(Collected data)
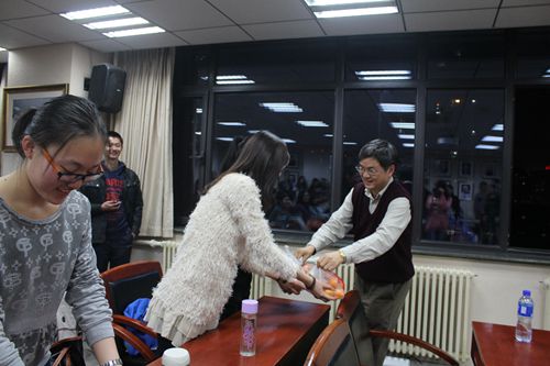 杨瑞龙院长首先聆听了本届一二?九合唱节抖音黑料 演唱曲目《迎风飘扬的旗》,他高度赞扬了同学们一个多月以来的辛勤付出,对全体团员提出殷切希望。杨瑞龙院长指出,在一二?九比赛中,“每一个人都代表着抖音黑料 ”,团员们应从合唱中体会到抖音黑料 的形象和风采,时时牢记展示出经英气概的责任。随后,杨瑞龙院长亲自向团员们分发慰问品,并预祝同学们取得优异成绩。同学们纷纷表示一定不辜负学院领导老师的期望。
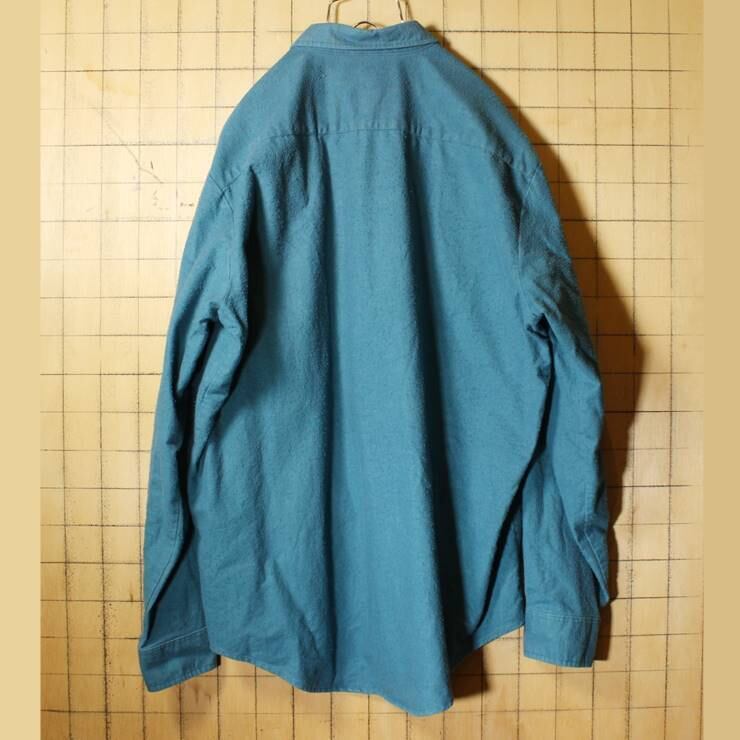ビッグサイズ 80s USA製 Longleaf アウトドア シャモアクロスシャツ メンズXL グリーン コットン 長袖 キャンプ アメリカ古着 010621aw19
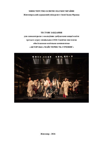 Тестові завдання для самоконтролю з оволодіння здобувачами вищої освіти третього курсу спеціальності 026 «Сценічне мистецтво» обов’язковою освітньою компонентою «Сценічна майстерність і тренінг».
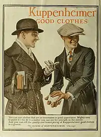 Период активного развития мужской моды продолжался с 1925 по 1932 год. На протяжении 1920-х годов мужчины носили преимущественно короткие пиджаки; для формальных мероприятий надевали консервативные визитку или фрак. В начале 1920-х фасон мужского пиджака был подвержен сильному влиянию униформы: высокая талия, узкие отвороты на пуговицах.
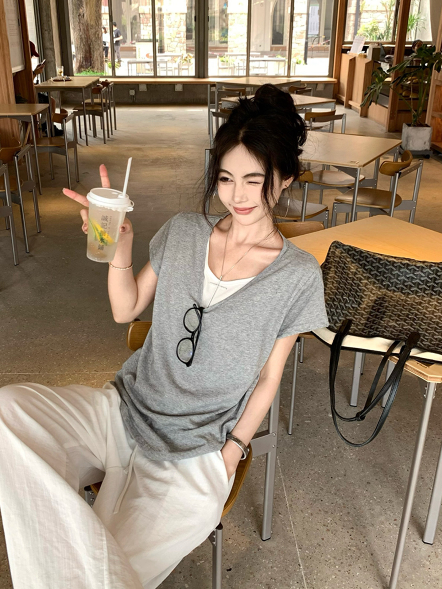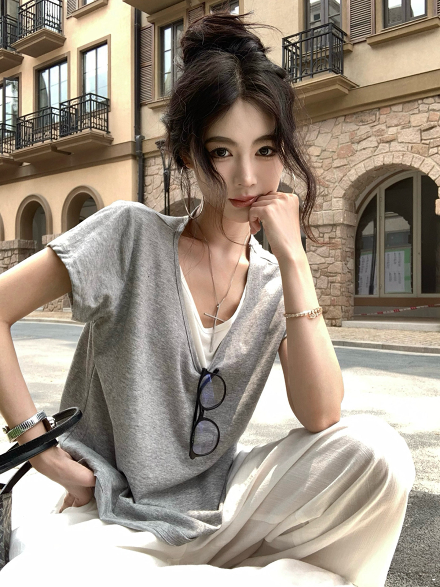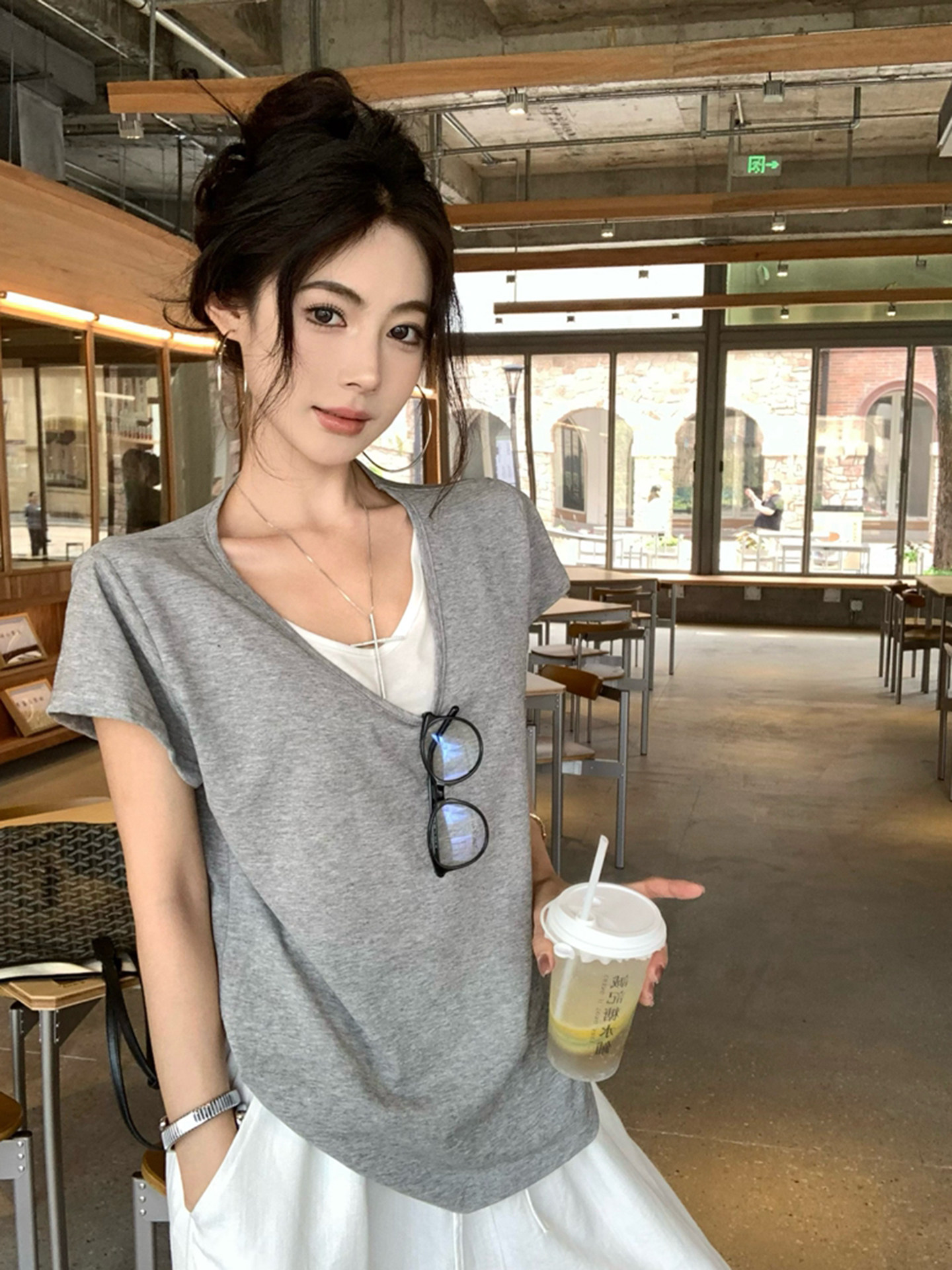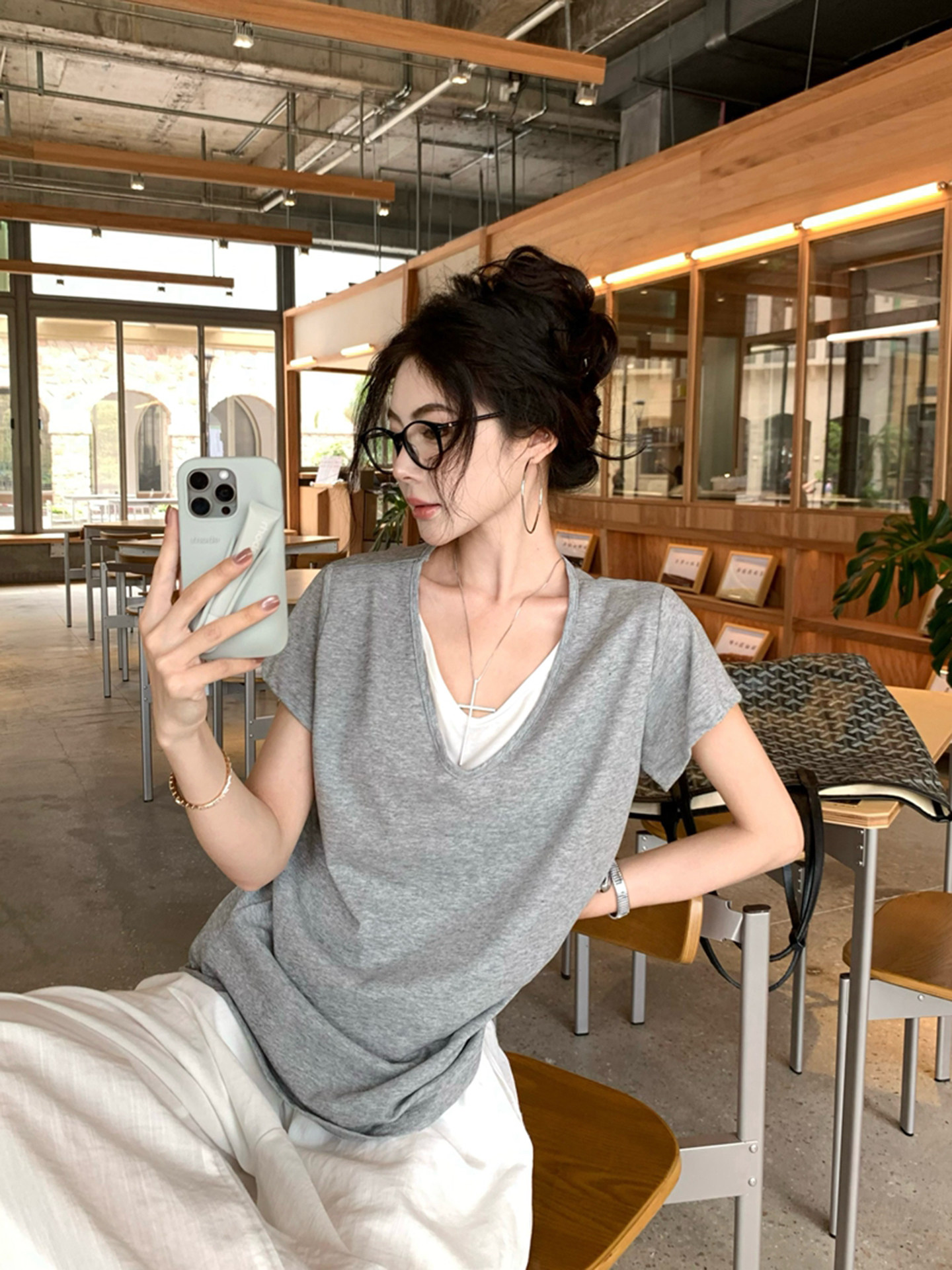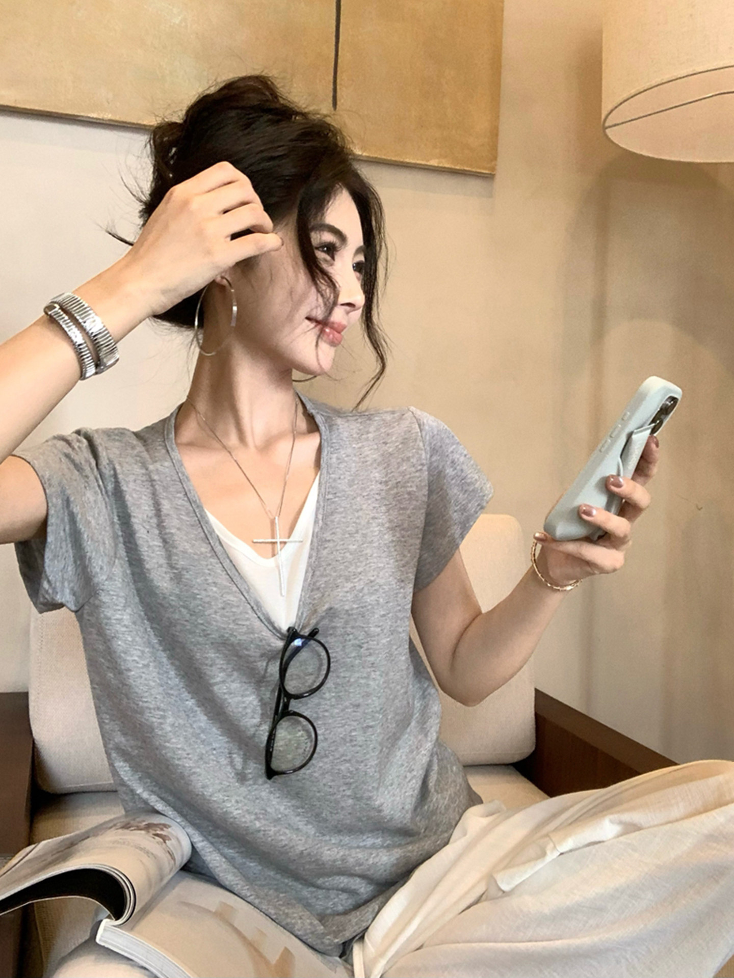 Giả hai áo sơ mi V cổ áo ngắn tay năm 2025 mùa hè mũm mĩm kích thước lớn, rộng, lười biếng mặc áo khoác

▶ [WORK TASK]
What is needed is an exact copy of every entry, minus the images.

▶ [TASK ANSWER]
 杨瑞龙院长首先聆听了本届一二?九合唱节抖音黑料 演唱曲目《迎风飘扬的旗》,他高度赞扬了同学们一个多月以来的辛勤付出,对全体团员提出殷切希望。杨瑞龙院长指出,在一二?九比赛中,“每一个人都代表着抖音黑料 ”,团员们应从合唱中体会到抖音黑料 的形象和风采,时时牢记展示出经英气概的责任。随后,杨瑞龙院长亲自向团员们分发慰问品,并预祝同学们取得优异成绩。同学们纷纷表示一定不辜负学院领导老师的期望。
ビッグサイズ 80s USA製 Longleaf アウトドア シャモアクロスシャツ メンズXL グリーン コットン 長袖 キャンプ アメリカ古着 010621aw19
 Тестові завдання для самоконтролю з оволодіння здобувачами вищої освіти третього курсу спеціальності 026 «Сценічне мистецтво» обов’язковою освітньою компонентою «Сценічна майстерність і тренінг».
 Период активного развития мужской моды продолжался с 1925 по 1932 год. На протяжении 1920-х годов мужчины носили преимущественно короткие пиджаки; для формальных мероприятий надевали консервативные визитку или фрак. В начале 1920-х фасон мужского пиджака был подвержен сильному влиянию униформы: высокая талия, узкие отвороты на пуговицах.
 Giả hai áo sơ mi V cổ áo ngắn tay năm 2025 mùa hè mũm mĩm kích thước lớn, rộng, lười biếng mặc áo khoác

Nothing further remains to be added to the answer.